(Problem): Before repeating the entries below, strip out every picture and keep all else as it is.

(Information supplied):
::::::::
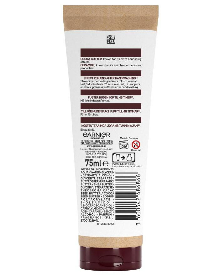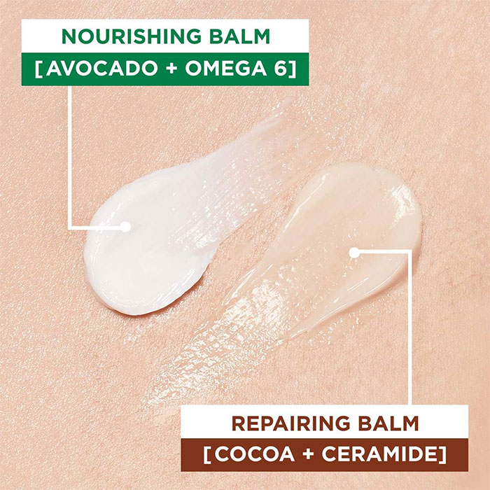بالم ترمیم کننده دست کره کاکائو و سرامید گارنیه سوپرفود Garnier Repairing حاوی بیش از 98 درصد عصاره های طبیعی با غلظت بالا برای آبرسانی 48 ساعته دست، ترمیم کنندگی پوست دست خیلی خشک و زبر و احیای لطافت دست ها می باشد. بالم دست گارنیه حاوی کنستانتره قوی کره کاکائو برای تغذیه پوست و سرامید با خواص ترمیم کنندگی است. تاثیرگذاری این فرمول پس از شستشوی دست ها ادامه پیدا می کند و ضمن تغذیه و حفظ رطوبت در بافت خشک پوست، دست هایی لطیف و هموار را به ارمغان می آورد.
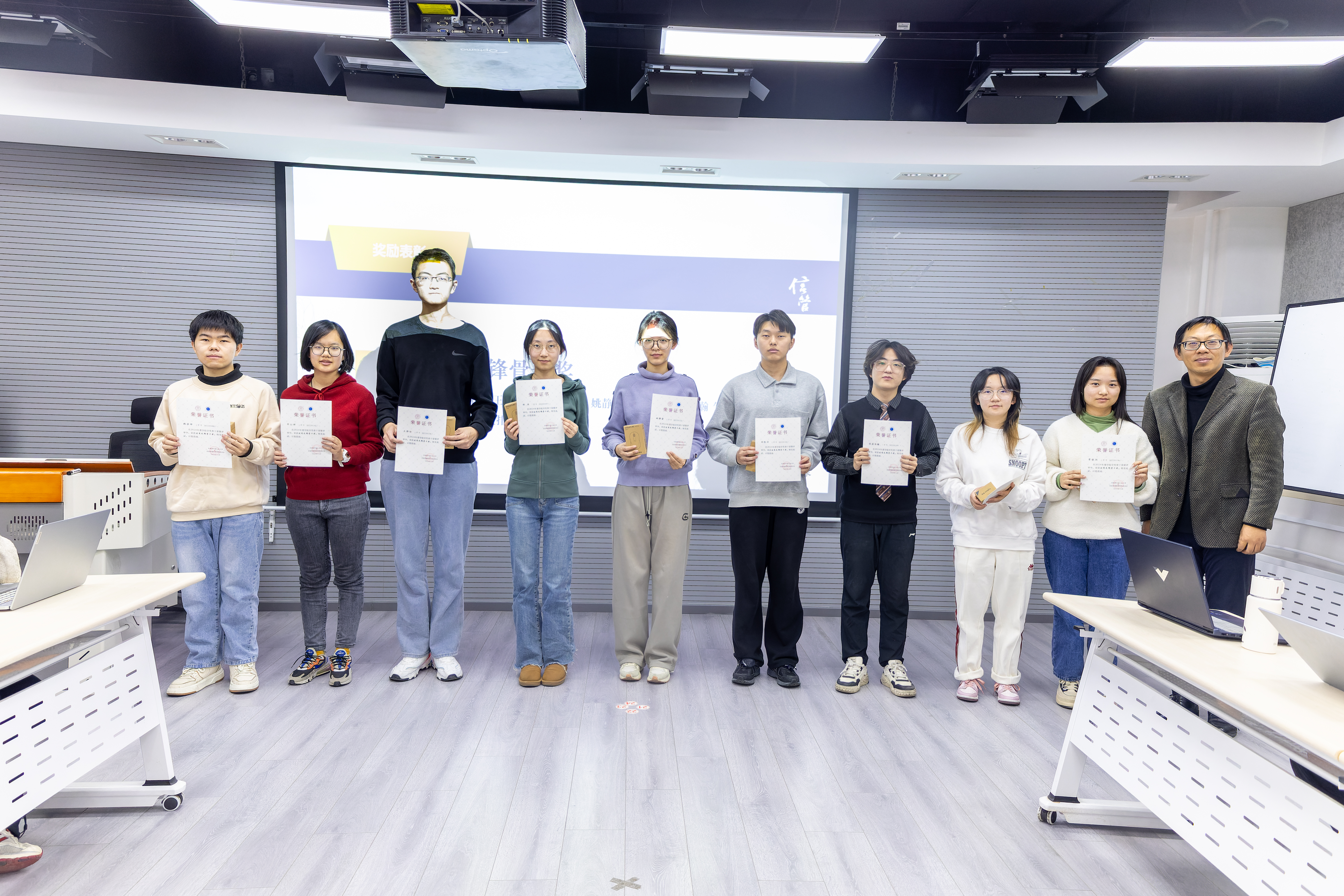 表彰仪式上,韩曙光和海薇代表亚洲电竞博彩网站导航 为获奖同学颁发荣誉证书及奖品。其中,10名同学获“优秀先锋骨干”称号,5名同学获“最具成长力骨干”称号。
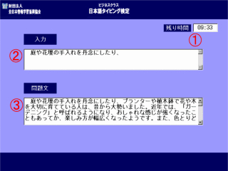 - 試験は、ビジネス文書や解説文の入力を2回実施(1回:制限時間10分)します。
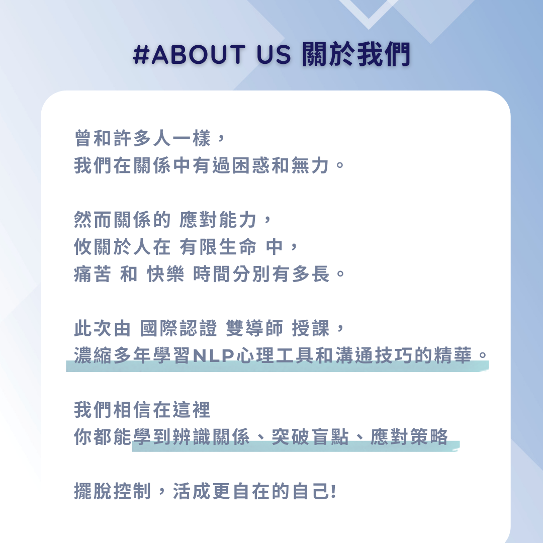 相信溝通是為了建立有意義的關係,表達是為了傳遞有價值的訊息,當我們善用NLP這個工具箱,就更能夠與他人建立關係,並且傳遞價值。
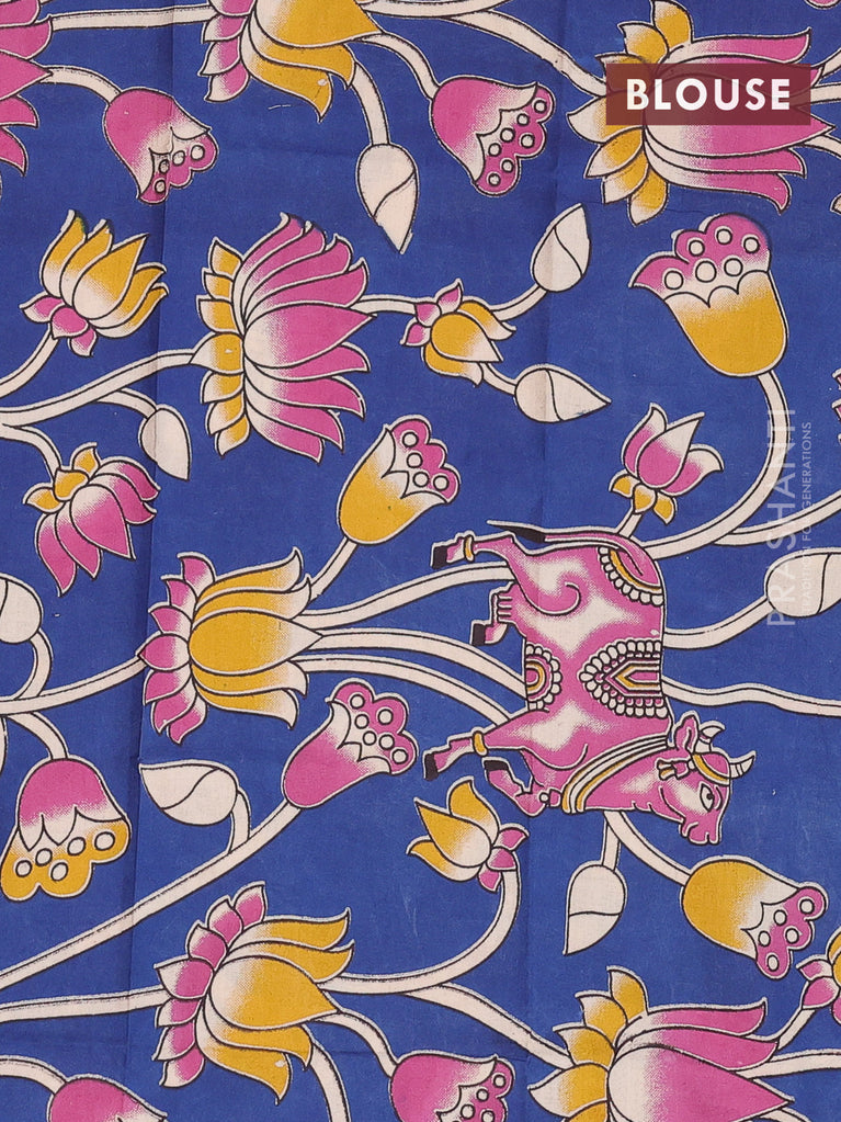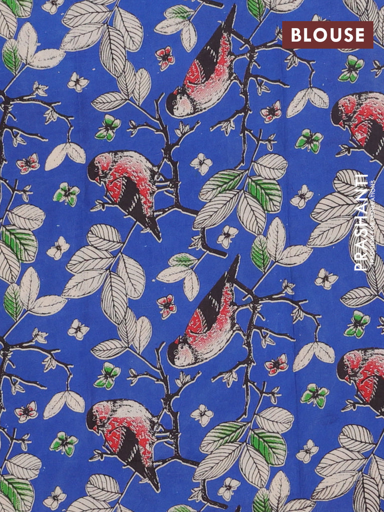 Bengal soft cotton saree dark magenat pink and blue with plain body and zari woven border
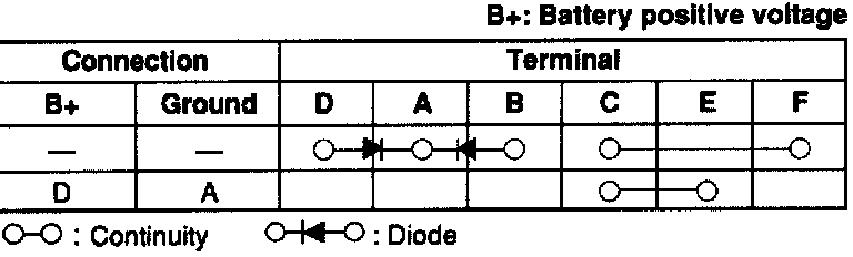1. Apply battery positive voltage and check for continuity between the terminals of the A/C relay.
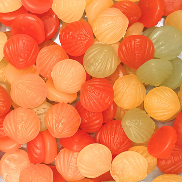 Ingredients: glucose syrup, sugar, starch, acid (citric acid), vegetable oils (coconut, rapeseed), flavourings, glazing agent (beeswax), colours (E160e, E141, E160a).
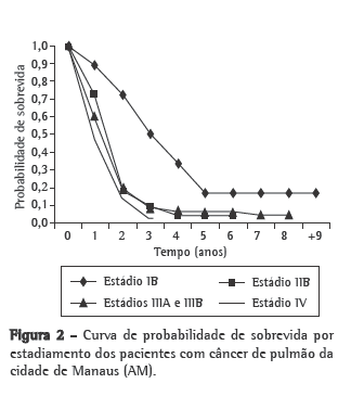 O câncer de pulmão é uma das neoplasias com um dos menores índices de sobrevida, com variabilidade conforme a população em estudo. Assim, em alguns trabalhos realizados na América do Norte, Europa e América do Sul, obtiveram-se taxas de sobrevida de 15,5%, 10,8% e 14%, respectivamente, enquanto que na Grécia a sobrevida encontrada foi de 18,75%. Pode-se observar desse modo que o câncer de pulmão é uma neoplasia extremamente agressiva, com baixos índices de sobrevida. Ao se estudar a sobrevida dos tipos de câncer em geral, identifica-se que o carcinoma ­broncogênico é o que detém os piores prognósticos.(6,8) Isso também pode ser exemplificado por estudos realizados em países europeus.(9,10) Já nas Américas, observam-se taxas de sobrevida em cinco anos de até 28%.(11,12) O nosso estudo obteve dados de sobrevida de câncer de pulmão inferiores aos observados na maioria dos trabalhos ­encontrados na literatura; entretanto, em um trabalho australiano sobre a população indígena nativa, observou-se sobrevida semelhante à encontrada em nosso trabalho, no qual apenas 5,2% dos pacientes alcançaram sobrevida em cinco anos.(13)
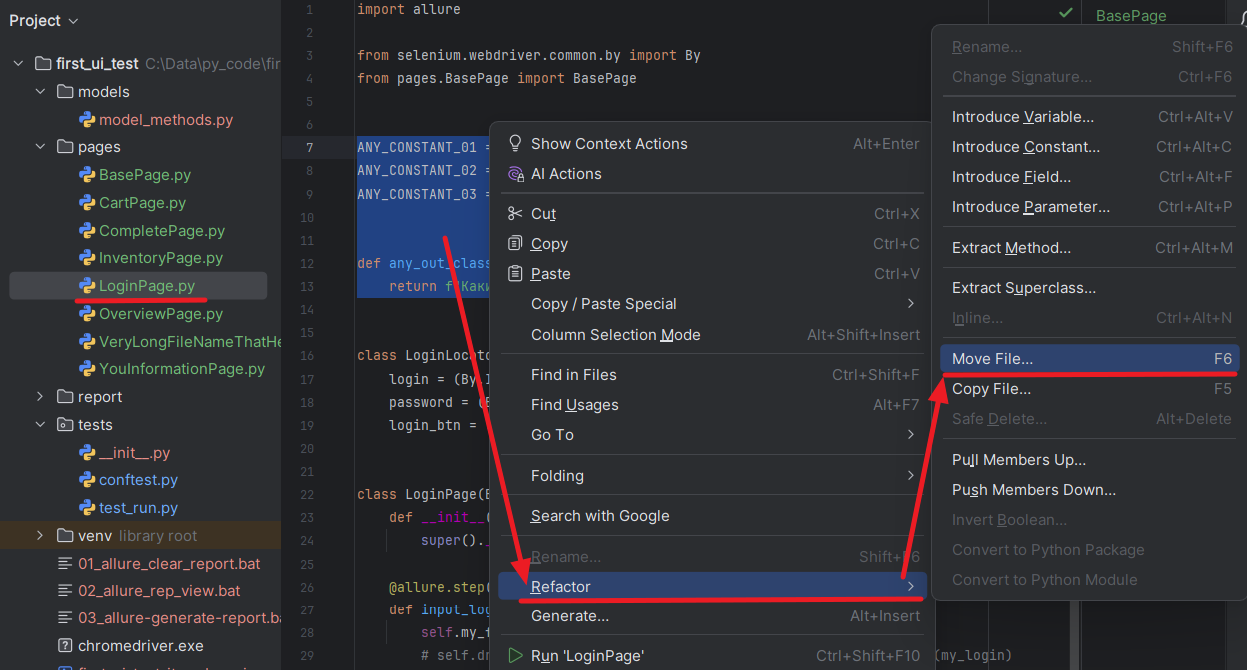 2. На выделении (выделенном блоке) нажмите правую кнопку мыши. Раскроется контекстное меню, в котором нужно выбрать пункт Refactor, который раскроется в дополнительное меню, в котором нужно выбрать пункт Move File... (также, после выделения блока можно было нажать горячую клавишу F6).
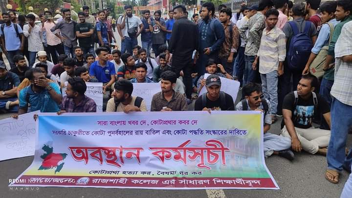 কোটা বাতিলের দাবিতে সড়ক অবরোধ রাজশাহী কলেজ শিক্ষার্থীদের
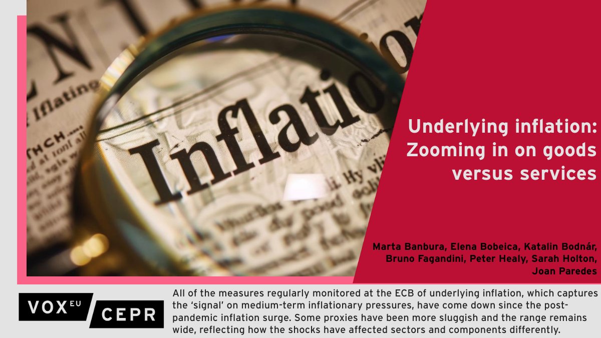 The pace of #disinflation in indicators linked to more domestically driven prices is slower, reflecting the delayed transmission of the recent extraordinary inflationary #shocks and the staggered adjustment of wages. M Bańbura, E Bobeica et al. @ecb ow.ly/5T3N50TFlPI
::::::::
(Output of the task):
بالم ترمیم کننده دست کره کاکائو و سرامید گارنیه سوپرفود Garnier Repairing حاوی بیش از 98 درصد عصاره های طبیعی با غلظت بالا برای آبرسانی 48 ساعته دست، ترمیم کنندگی پوست دست خیلی خشک و زبر و احیای لطافت دست ها می باشد. بالم دست گارنیه حاوی کنستانتره قوی کره کاکائو برای تغذیه پوست و سرامید با خواص ترمیم کنندگی است. تاثیرگذاری این فرمول پس از شستشوی دست ها ادامه پیدا می کند و ضمن تغذیه و حفظ رطوبت در بافت خشک پوست، دست هایی لطیف و هموار را به ارمغان می آورد.
 表彰仪式上,韩曙光和海薇代表亚洲电竞博彩网站导航 为获奖同学颁发荣誉证书及奖品。其中,10名同学获“优秀先锋骨干”称号,5名同学获“最具成长力骨干”称号。
 - 試験は、ビジネス文書や解説文の入力を2回実施(1回:制限時間10分)します。
 相信溝通是為了建立有意義的關係,表達是為了傳遞有價值的訊息,當我們善用NLP這個工具箱,就更能夠與他人建立關係,並且傳遞價值。
 Bengal soft cotton saree dark magenat pink and blue with plain body and zari woven border
1. Apply battery positive voltage and check for continuity between the terminals of the A/C relay.
 Ingredients: glucose syrup, sugar, starch, acid (citric acid), vegetable oils (coconut, rapeseed), flavourings, glazing agent (beeswax), colours (E160e, E141, E160a).
 O câncer de pulmão é uma das neoplasias com um dos menores índices de sobrevida, com variabilidade conforme a população em estudo. Assim, em alguns trabalhos realizados na América do Norte, Europa e América do Sul, obtiveram-se taxas de sobrevida de 15,5%, 10,8% e 14%, respectivamente, enquanto que na Grécia a sobrevida encontrada foi de 18,75%. Pode-se observar desse modo que o câncer de pulmão é uma neoplasia extremamente agressiva, com baixos índices de sobrevida. Ao se estudar a sobrevida dos tipos de câncer em geral, identifica-se que o carcinoma ­broncogênico é o que detém os piores prognósticos.(6,8) Isso também pode ser exemplificado por estudos realizados em países europeus.(9,10) Já nas Américas, observam-se taxas de sobrevida em cinco anos de até 28%.(11,12) O nosso estudo obteve dados de sobrevida de câncer de pulmão inferiores aos observados na maioria dos trabalhos ­encontrados na literatura; entretanto, em um trabalho australiano sobre a população indígena nativa, observou-se sobrevida semelhante à encontrada em nosso trabalho, no qual apenas 5,2% dos pacientes alcançaram sobrevida em cinco anos.(13)
 2. На выделении (выделенном блоке) нажмите правую кнопку мыши. Раскроется контекстное меню, в котором нужно выбрать пункт Refactor, который раскроется в дополнительное меню, в котором нужно выбрать пункт Move File... (также, после выделения блока можно было нажать горячую клавишу F6).
 কোটা বাতিলের দাবিতে সড়ক অবরোধ রাজশাহী কলেজ শিক্ষার্থীদের
 The pace of #disinflation in indicators linked to more domestically driven prices is slower, reflecting the delayed transmission of the recent extraordinary inflationary #shocks and the staggered adjustment of wages. M Bańbura, E Bobeica et al. @ecb ow.ly/5T3N50TFlPI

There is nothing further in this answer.